§ **TASK BRIEF**
Transcribe the entries below exactly, starting with the line that has "DESCRIZIONE: Il dispositivo" and stopping after the line that has "(٣٣٩٨) الشفاء أم سُلَيْمَان بْن أبي حثمة،"; no pictures belong in the copy.

§ **SUPPLIED DATA**

------------

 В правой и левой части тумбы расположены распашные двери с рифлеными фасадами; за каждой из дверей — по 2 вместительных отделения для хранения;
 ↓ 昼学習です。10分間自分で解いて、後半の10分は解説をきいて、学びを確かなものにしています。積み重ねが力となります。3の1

------------

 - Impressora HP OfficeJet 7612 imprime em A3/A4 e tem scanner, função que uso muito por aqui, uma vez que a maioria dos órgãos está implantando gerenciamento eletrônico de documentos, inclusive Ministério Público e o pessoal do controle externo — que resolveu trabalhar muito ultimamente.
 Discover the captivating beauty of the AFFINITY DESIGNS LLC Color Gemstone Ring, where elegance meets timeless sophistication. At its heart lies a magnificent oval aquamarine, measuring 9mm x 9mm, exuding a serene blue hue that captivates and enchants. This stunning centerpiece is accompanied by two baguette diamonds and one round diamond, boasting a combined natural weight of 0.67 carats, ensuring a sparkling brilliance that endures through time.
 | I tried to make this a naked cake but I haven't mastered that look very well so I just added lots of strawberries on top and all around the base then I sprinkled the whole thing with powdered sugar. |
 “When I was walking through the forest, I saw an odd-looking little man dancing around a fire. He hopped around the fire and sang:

------------

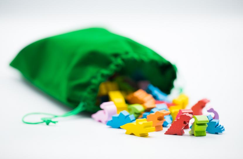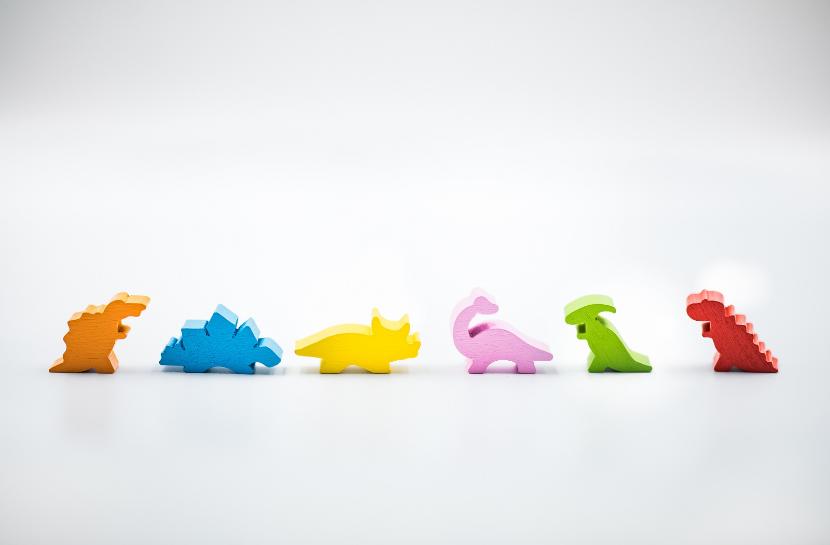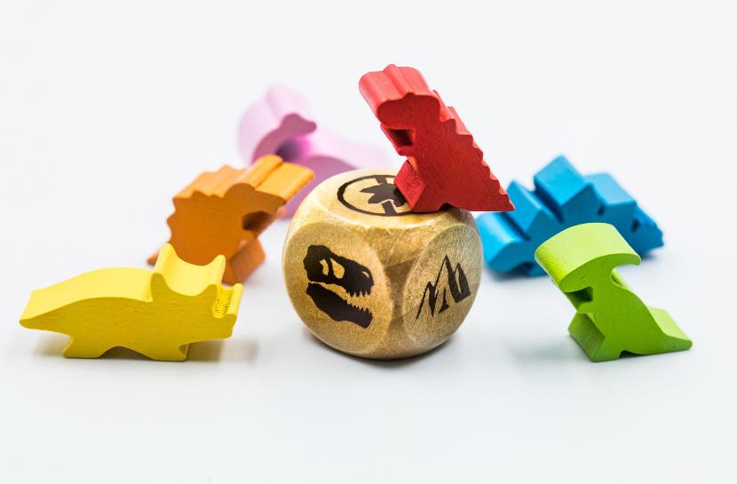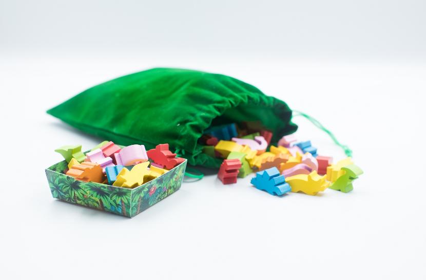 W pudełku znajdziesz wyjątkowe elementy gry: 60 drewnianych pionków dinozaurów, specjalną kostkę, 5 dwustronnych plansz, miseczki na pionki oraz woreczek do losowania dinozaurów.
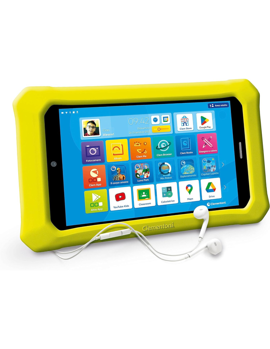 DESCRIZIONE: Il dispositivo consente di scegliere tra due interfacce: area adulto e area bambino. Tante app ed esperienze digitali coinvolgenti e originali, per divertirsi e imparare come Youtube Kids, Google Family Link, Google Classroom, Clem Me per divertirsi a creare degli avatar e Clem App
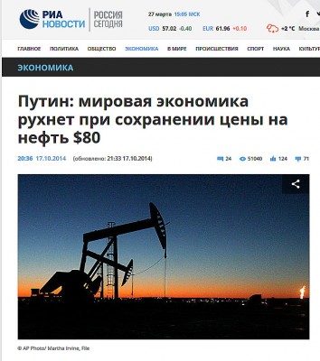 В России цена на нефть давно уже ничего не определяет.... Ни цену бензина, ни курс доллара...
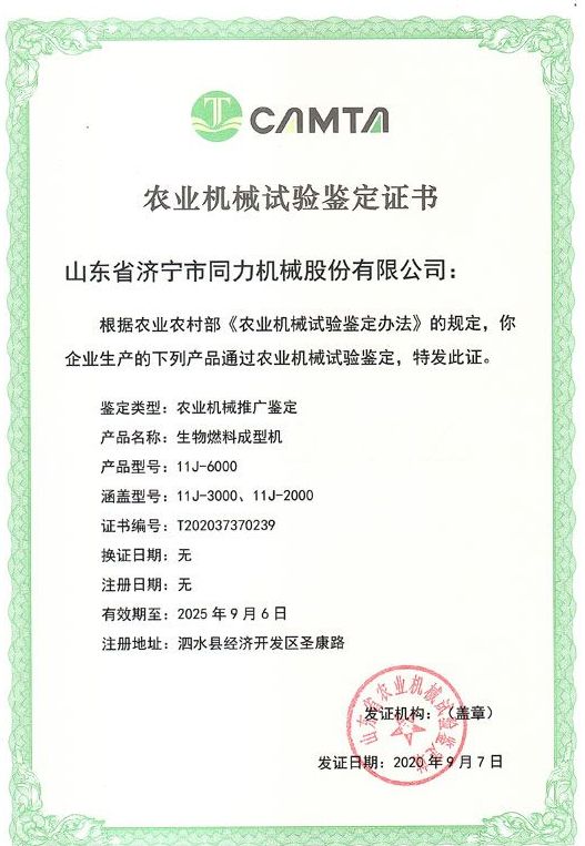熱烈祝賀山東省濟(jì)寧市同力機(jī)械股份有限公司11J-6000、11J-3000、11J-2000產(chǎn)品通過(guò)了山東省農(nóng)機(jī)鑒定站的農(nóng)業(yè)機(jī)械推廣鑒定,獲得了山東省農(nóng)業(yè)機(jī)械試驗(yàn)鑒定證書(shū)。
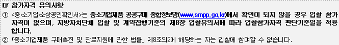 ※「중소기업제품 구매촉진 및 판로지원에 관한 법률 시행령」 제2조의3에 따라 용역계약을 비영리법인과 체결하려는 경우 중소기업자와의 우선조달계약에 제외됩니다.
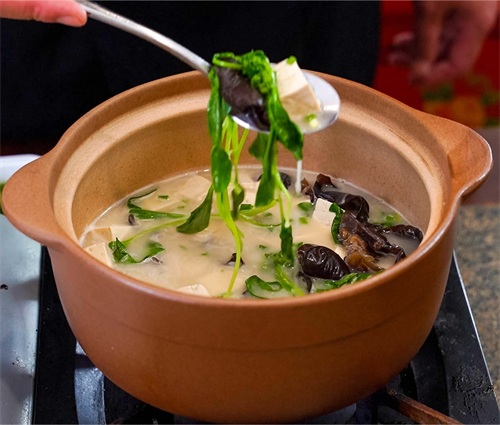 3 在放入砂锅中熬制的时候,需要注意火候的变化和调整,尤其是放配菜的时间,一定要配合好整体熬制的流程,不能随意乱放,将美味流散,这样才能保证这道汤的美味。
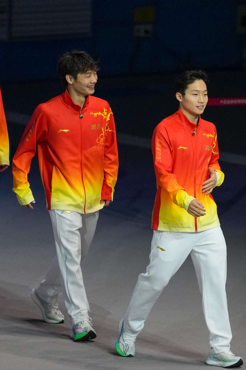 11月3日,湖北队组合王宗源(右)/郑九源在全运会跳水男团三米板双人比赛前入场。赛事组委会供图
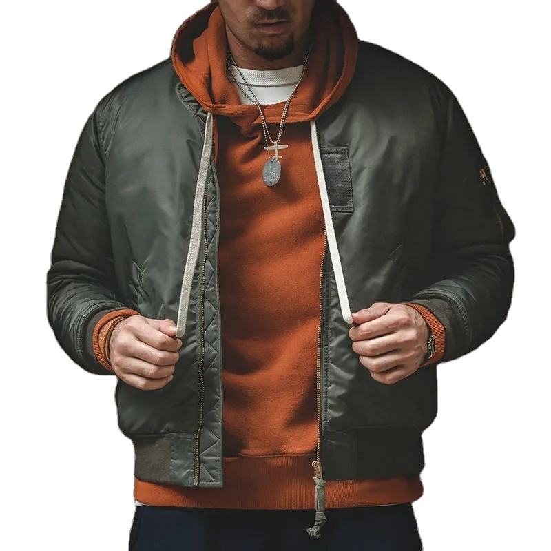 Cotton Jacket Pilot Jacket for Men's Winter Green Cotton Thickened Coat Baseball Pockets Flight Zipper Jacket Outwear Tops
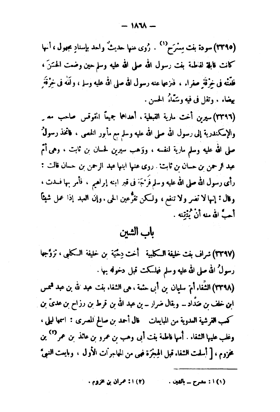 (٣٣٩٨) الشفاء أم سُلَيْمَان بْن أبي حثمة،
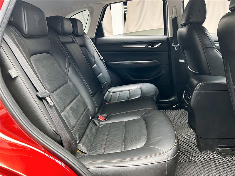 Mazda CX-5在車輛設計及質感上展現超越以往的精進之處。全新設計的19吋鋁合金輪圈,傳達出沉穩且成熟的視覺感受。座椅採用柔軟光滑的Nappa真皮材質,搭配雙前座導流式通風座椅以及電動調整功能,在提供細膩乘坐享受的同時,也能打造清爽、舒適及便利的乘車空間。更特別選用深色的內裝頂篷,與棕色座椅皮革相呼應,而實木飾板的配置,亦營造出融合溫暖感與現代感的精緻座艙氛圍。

------------

§ **TASK ANSWER**
 DESCRIZIONE: Il dispositivo consente di scegliere tra due interfacce: area adulto e area bambino. Tante app ed esperienze digitali coinvolgenti e originali, per divertirsi e imparare come Youtube Kids, Google Family Link, Google Classroom, Clem Me per divertirsi a creare degli avatar e Clem App
 В России цена на нефть давно уже ничего не определяет.... Ни цену бензина, ни курс доллара...
熱烈祝賀山東省濟(jì)寧市同力機(jī)械股份有限公司11J-6000、11J-3000、11J-2000產(chǎn)品通過(guò)了山東省農(nóng)機(jī)鑒定站的農(nóng)業(yè)機(jī)械推廣鑒定,獲得了山東省農(nóng)業(yè)機(jī)械試驗(yàn)鑒定證書(shū)。
 ※「중소기업제품 구매촉진 및 판로지원에 관한 법률 시행령」 제2조의3에 따라 용역계약을 비영리법인과 체결하려는 경우 중소기업자와의 우선조달계약에 제외됩니다.
 3 在放入砂锅中熬制的时候,需要注意火候的变化和调整,尤其是放配菜的时间,一定要配合好整体熬制的流程,不能随意乱放,将美味流散,这样才能保证这道汤的美味。
 11月3日,湖北队组合王宗源(右)/郑九源在全运会跳水男团三米板双人比赛前入场。赛事组委会供图
 Cotton Jacket Pilot Jacket for Men's Winter Green Cotton Thickened Coat Baseball Pockets Flight Zipper Jacket Outwear Tops
 (٣٣٩٨) الشفاء أم سُلَيْمَان بْن أبي حثمة،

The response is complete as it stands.